Of course 'OMG the river's at the door and the mountain's dropping in' isn't much more fun (and possibly partly caused by 'OMG everything's on fire').

#173 ::: [silinmiş spam] ::: (view all by) ::: September 25, 2010, 12:39 PM:

[188.195.68.110 gönderdi]

#174 ::: Bombie who cries: SPAM ::: (view all by) ::: September 25, 2010, 12:44 PM:

spam spam spammity spam

#175 ::: abi ::: (view all by) ::: September 25, 2010, 12:45 PM:

My latest habit with international spam: use Google Translate to detect the language (if it's not obvious) and post the "spam deleted" message in that language.

In this case, Turkish.

#176 ::: Bombie ::: (view all by) ::: September 25, 2010, 12:52 PM:

Harika kavramı, I like

#177 ::: TexAnne sees spam ::: (view all by) ::: November 13, 2010, 10:43 PM:

But speaking of socks, I finished one tonight!
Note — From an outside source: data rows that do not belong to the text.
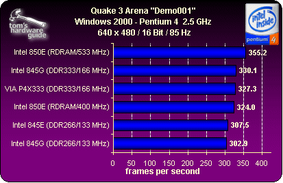 Quake III Arena is dominated by 850E and 845G. This benchmark is still in use because Q3 remains one of the most popular 3D shooters and, more importantly, changes in CPU, memory or graphics performance can immediately be noticed in the benchmark results.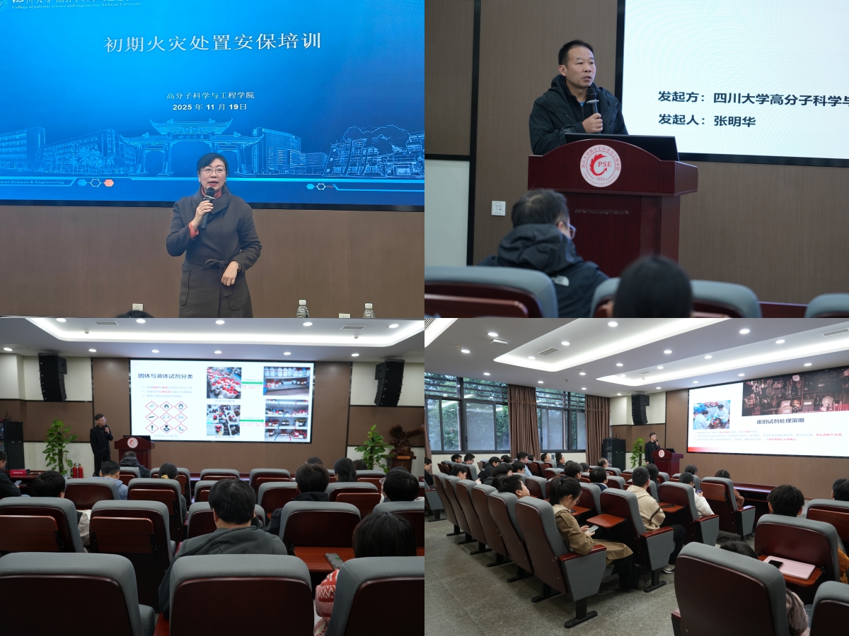 本次活动采用“理论培训与实战演练”相结合的模式,旨在全面提升师生安全素养。理论培训环节在科教楼209会议室举行,实验室安全责任人及各课题组学生安全负责人参加了集中学习。培训特邀成都莱博睿安科技服务有限公司罗王春工程师,就实验室化学品与耗材的规范清理及风险管控进行了专业讲解。张明华老师聚焦实验室初期火灾应对,并结合既往安全检查实例,深入阐释了“先报警、后处置、快疏散”的应急处置原则,强化了“预防为先、处置在后”的安全理念。李艳梅副院长在培训总结中再次强调了安全工作的极端重要性,并结合学院即将入驻先进材料大楼的规划,要求各课题组提前做好实验室物品与设备的统筹整理工作,将安全管理的细节落到实处。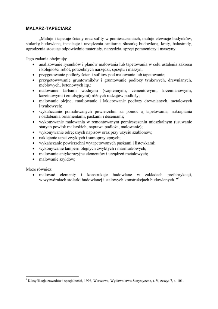 MALARZ-T AP E C I ARZ „ Ma l u j e i t a p e t u j e ś c i a n y o r a z s u f i t y w p o m i e s z c z e n i a c h , m a l u j e e l e w a c j e b u d y n k ó w , s to la rk ę b u d o w la n ą , in s ta la c je i u rz ą d z e n ia s a n ita rn e , ś lu s a rk ę b u d o w la n ą , k ra ty , b a lu s tra d y , o g ro d z e n ia s to s u ją c o d p o w ie d n ie m a te ria ły , n a rz ę d z ia , s p rz ę t p o m o c n ic z y i m a s z y n y . J e g o z a d a n ia o b e jm u ją : • a n a liz o w a n ie ry s u n k ó w i p la n ó w m a lo w a n ia lu b ta p e to w a n ia w c e lu u s ta le n i k o le jn o ś c i ro b ó t, p o trz e b n y c h n a rz ę d z i, s p rz ę tu i m a s z y n ; • p rz y g o to w a n ie p o d ło ż y ś c ia n i s u fitó w p o d m a lo w a n ie lu b ta p e to w a n ie ; • p rz y g o to w y w a n ie g ru n to w n ik ó w i g ru n to w a n ie p o d ło ż y ty n k o w y c h , d re m e b lo w y c h , b e to n o w y c h itp .; • m a lo w a n ie fa rb a m i w o d n y m i (w a p ie n n y m i, c e m e n to w y m i, k rz e m k a z e in o w y m i i e m u ls y jn y m i) ró ż n y c h ro d z a jó w p o d ło ż y ; • m a lo w a n ie o le jn e , e m a lio w a n ie i la k ie ro w a n ie p o d ło ż y d re w n ia n y c h , m i ty n k o w y c h ; • w y k a ń c z a n ie p o m a lo w a n y c h p o w ie rz c h n i z a p o m o c ą ta p e to w a n ia , n i o z d a b ia n ia o rn a m e n ta m i, p a s k a m i i d e s e n ia m i; • w y k o n y w a n ie m a lo w a n ia w re m o n to w a n y m p o m ie s z c z e n iu m ie s z k a ln y m s ta ry c h p o w ło k m a la rs k ic h , n a p ra w a p o d ło ż a , m a lo w a n ie ); • w y k o n y w a n ie o d rę c z n y c h n a p is ó w o ra z p rz y u ż y c iu s z a b lo n ó w ; • n a k le ja n ie ta p e t z w y k ły c h i s a m o p rz y le p n y c h ; • w y k a ń c z a n ie p o w ie rz c h n i w y ta p e to w a n y c h p a s k a m i i lis te w k a m i; • w y k o n y w a n ie la m p e rii o le jn y c h z w y k ły c h i m a rm u rk o w y c h ; • m a lo w a n ie a n ty k o ro z y jn e e le m e n tó w i u rz ą d z e ń m e ta lo w y c h ; • m a lo w a n ie s z y ld ó w ; ia z a k re s u w n ia n y c h , ia n o w y m i, e ta lo w y c h a k ra p ia n ia (u s u w a n ie Mo ż e r ó w n i e ż : • m a lo w a ć e le m e n ty i k o n s tru k c je b u d o w la n e w z a k ła d a c h p re fa b ry k a c ji, w w y t w ó r n i a c h s t o l a r k i b u d o w l a n e j i s t a l o w y c h k o n s t r u k c j a c h b u d o w l a n y c h . ”1 1 Klasyfikacja zawodów i specjalności, 1996, Warszawa, Wydawnictwo Statystyczne, t. V , zeszyt 7 , s. 10 1.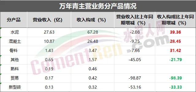 今年上半年,萬年青所有產(chǎn)品業(yè)務(wù)版塊營業(yè)收入同比去年均有所減少,但水泥、混凝土、骨料業(yè)務(wù)營業(yè)收入占比同比去年均有所增加。水泥營收占比同比增加39.36%,混凝土營收占比同比增加28.45%,骨料營收占比同比增加31.42%。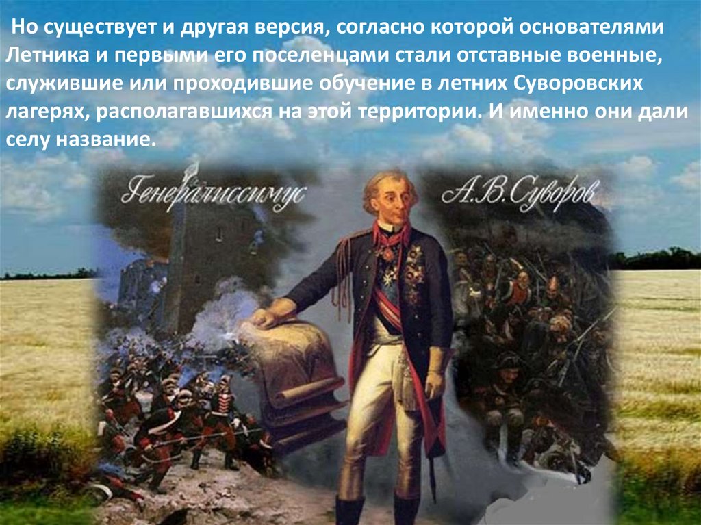 Но существует и другая версия, согласно которой основателямиЛетника и первыми его поселенцами стали отставные военные,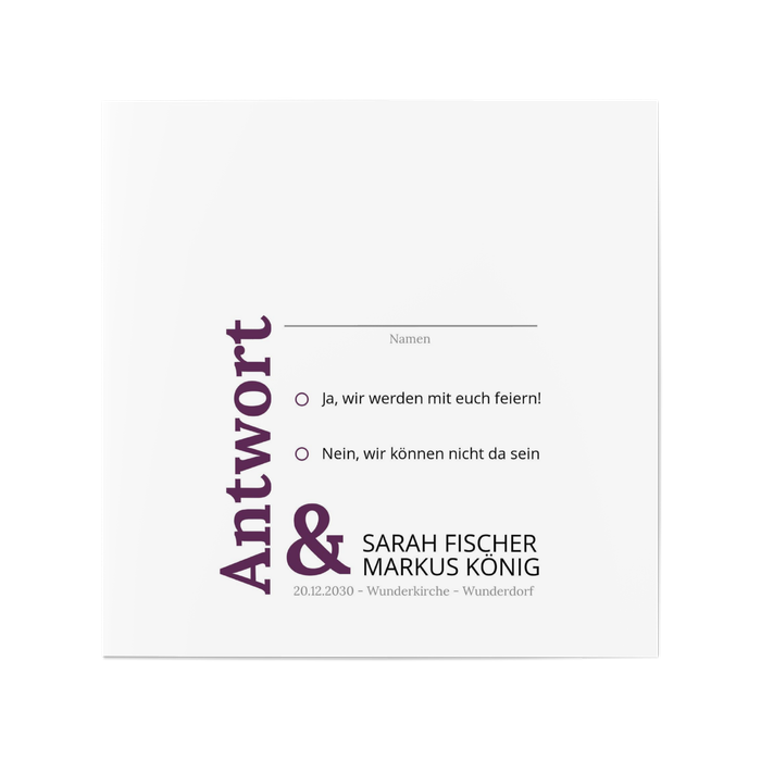 Antwortkarte Hochzeit Auf weißem Grund in Pflaume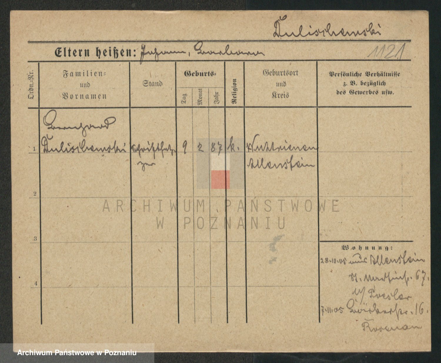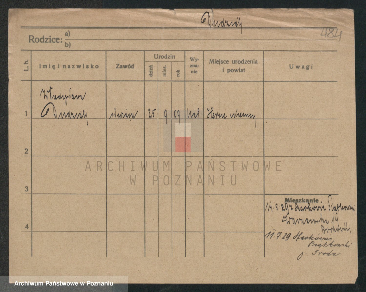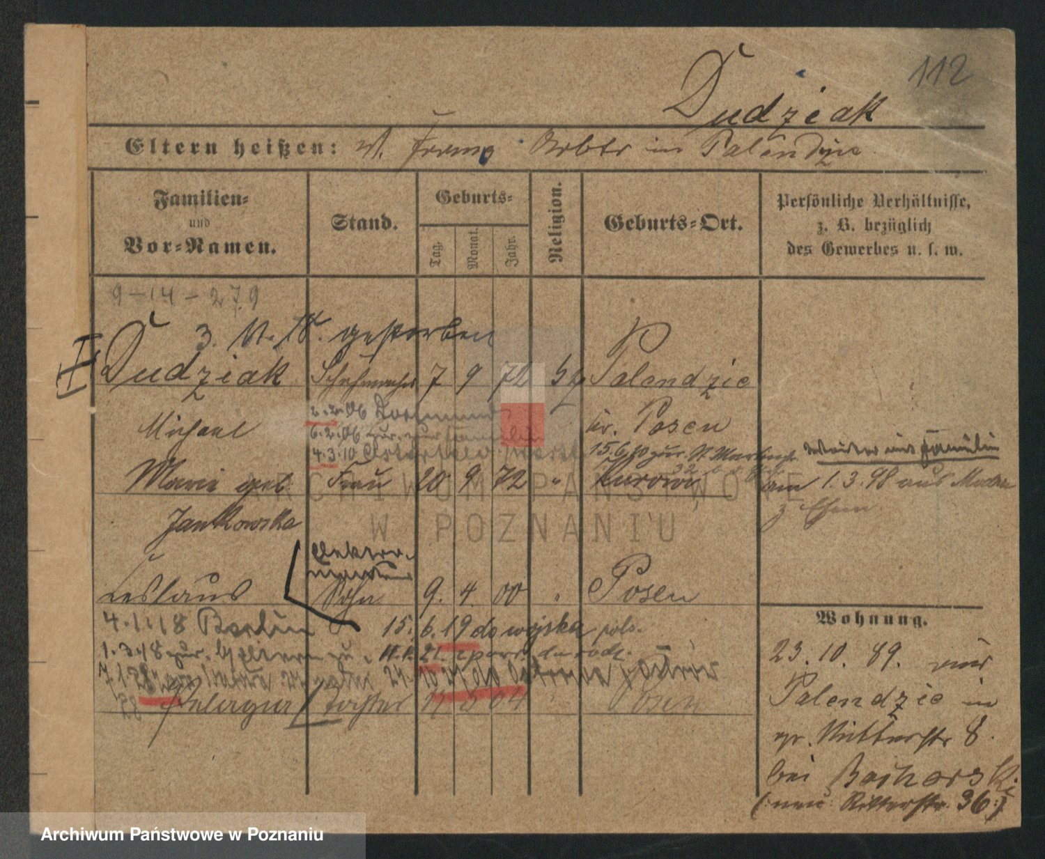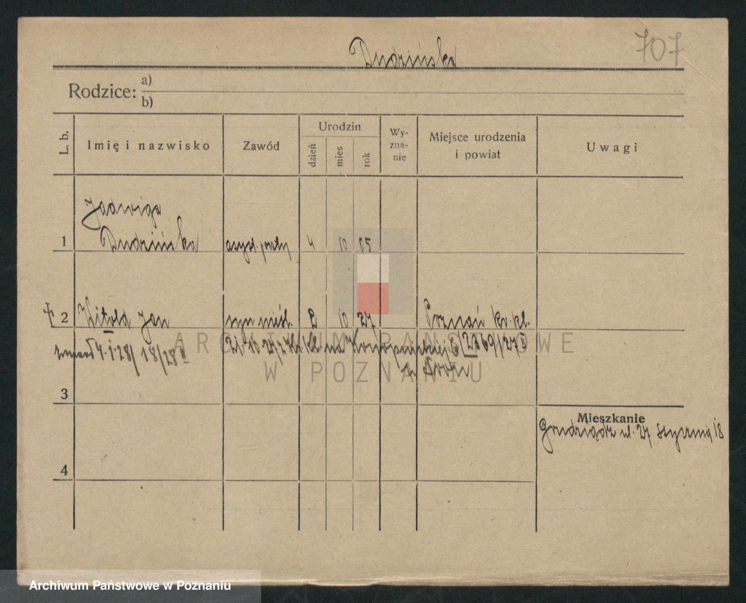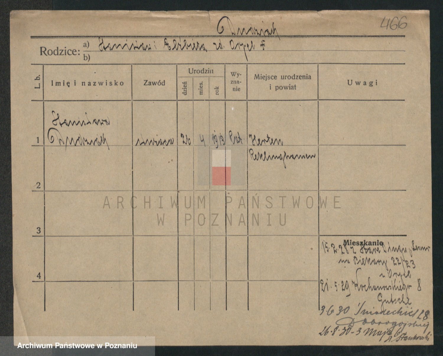 Podgląd karty osobowej dostępny jest po kliknięciu na nazwisko lub ikonkę karty. Można dokonywać powiększenia (ikony na górze) lub przechodzić między kolejnymi skanami (strzałki po bokach).

#178 ::: Mary Aileen ::: (view all by) ::: November 14, 2010, 10:21 AM:

TexAnne: Congratulations!

#179 ::: TexAnne ::: (view all by) ::: November 14, 2010, 10:44 AM:

Mary Aileen: Thanks! I've been playing with stranding. I have a ways to go yet, but the thing about socks is that tension issues don't show when you're wearing the things. Now if I can tear myself away from my invisible friends in the Internet, I'll start the second one...O to be a person who can read while knitting!

#180 ::: SamChevreSpotsTurkishSpam ::: (view all by) ::: January 13, 2011, 09:15 AM:

Yes, I have friends in the paper business; no, they don't read Turkish.